A literature recipe67 was followed to obtain undulated nanowires of PbSe, but arrested by cooling the reaction flask after injection. To synthesize nanowires two reaction pots were prepared. The first was loaded with 2.0 mL oleic acid, 10 mL diphenyl ether (97%), and 760 mg lead acetate trihydrate (99.99%), cycled with nitrogen and vacuum three times, then heated under nitrogen to 150 °C for 30 minutes, then cooled to 60 °C. A vent needle was used to allow elimination of water and acetic acid. In the second pot was 15 mL diphenyl ether, heated under nitrogen to 250 °C for 30 minutes. To the first solution was slowly added 4 mL of 0.167 M Se in TOP solution (prepared by diluting a 1 M solution). Then, the contents of the first solution were taken up into a syringe and rapidly injected into the second reaction flask which was held at 240 °C. The temperature dropped rapidly to ~170 °C and the heating mantle was removed after 1 minute. The reaction product contained both nanowires and cubes of PbSe. The cubes were isolated by dispersing the reaction products in hexanes and centrifuging twice at 4000 rpm for 3 minutes to remove insoluble nanowires.

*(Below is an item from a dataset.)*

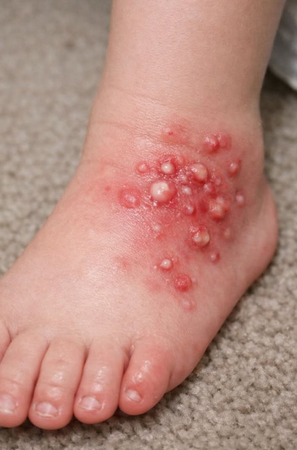 Some insect bites can trigger localized swelling and blister-like reactions, especially in children with sensitive skin. These reactions may appear within minutes or hours after exposure.
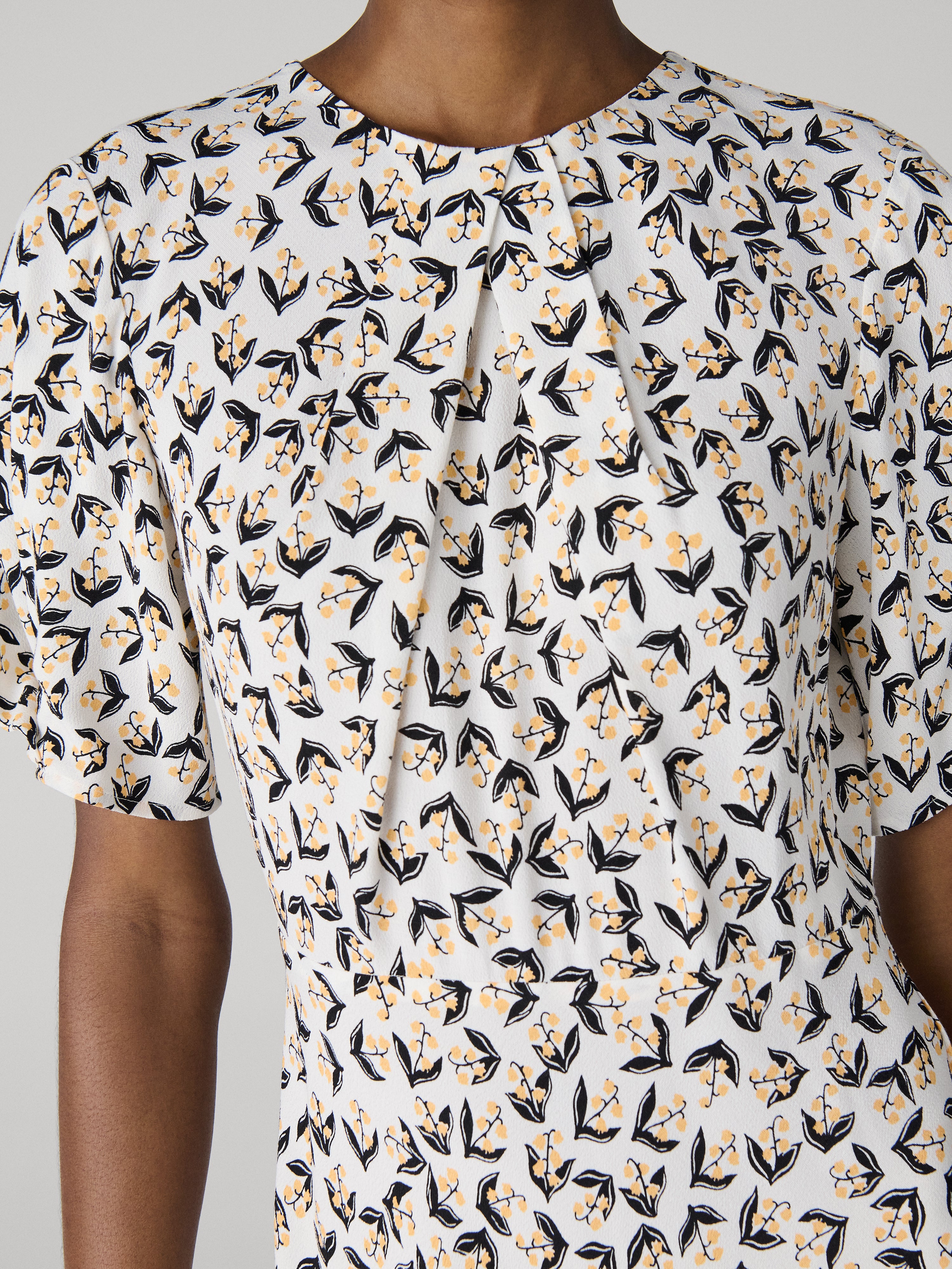 - Pleats around neckline & across bust

The cubes were subsequently precipitated with isopropanol.

PbSe nanorods were prepared somewhat differently than the above. First, a solution of 1 M Se in tris(diethylamino)phosphine (TDP, 97%) was prepared from distilled TDP. Before distillation, which was carried out under mild vacuum, the TDP was heated to 210 °C and held 2 hours, forming a brownish-yellow liquid. The distilled product was clear. Second, 40 mL of octadecene (90%) and 30 mL of oleic acid (90%) were combined with 10.0 g PbO (99.999%) and heated under vacuum at 130 °C for 2 hours, becoming clear. The contents of the flask were transferred to a nitrogen-filled glovebox and allowed to solidify overnight. A white solid was formed and the product centrifuged at 8000 rpm for 5 minutes to isolate the pellet. The pellet was subsequently washed with anhydrous acetone, carefully breaking up the pellet before centrifuging again to precipitate. This was repeated 6 times. After the last three times, the white pellet was dried under vacuum for 1 hour and ground into a fine powder.

The reaction to synthesize PbSe nanorods was performed in a Schlenck tube heated with an oil bath to 130-145 °C. Typically, 5.4 mL dried and degassed octadecene (90%) and 770 mg lead oleate powder were loaded into a Schlenck tube under nitrogen. The tube was heated to 140 °C and allowed to stabilize, then 3 mL of 1 M Se in TDP solution was rapidly injected, the temperature adjusted to 130 °C and the reaction allowed to proceed for 8-15 minutes. The precise time of the reaction depends on the purity of the oleate precursor; insufficient washing led to shorter reaction times and more branching of the nanorods. Purification was performed with isopropanol precipitation followed by size-selective purification with isopropanol to obtain even more monodisperse products.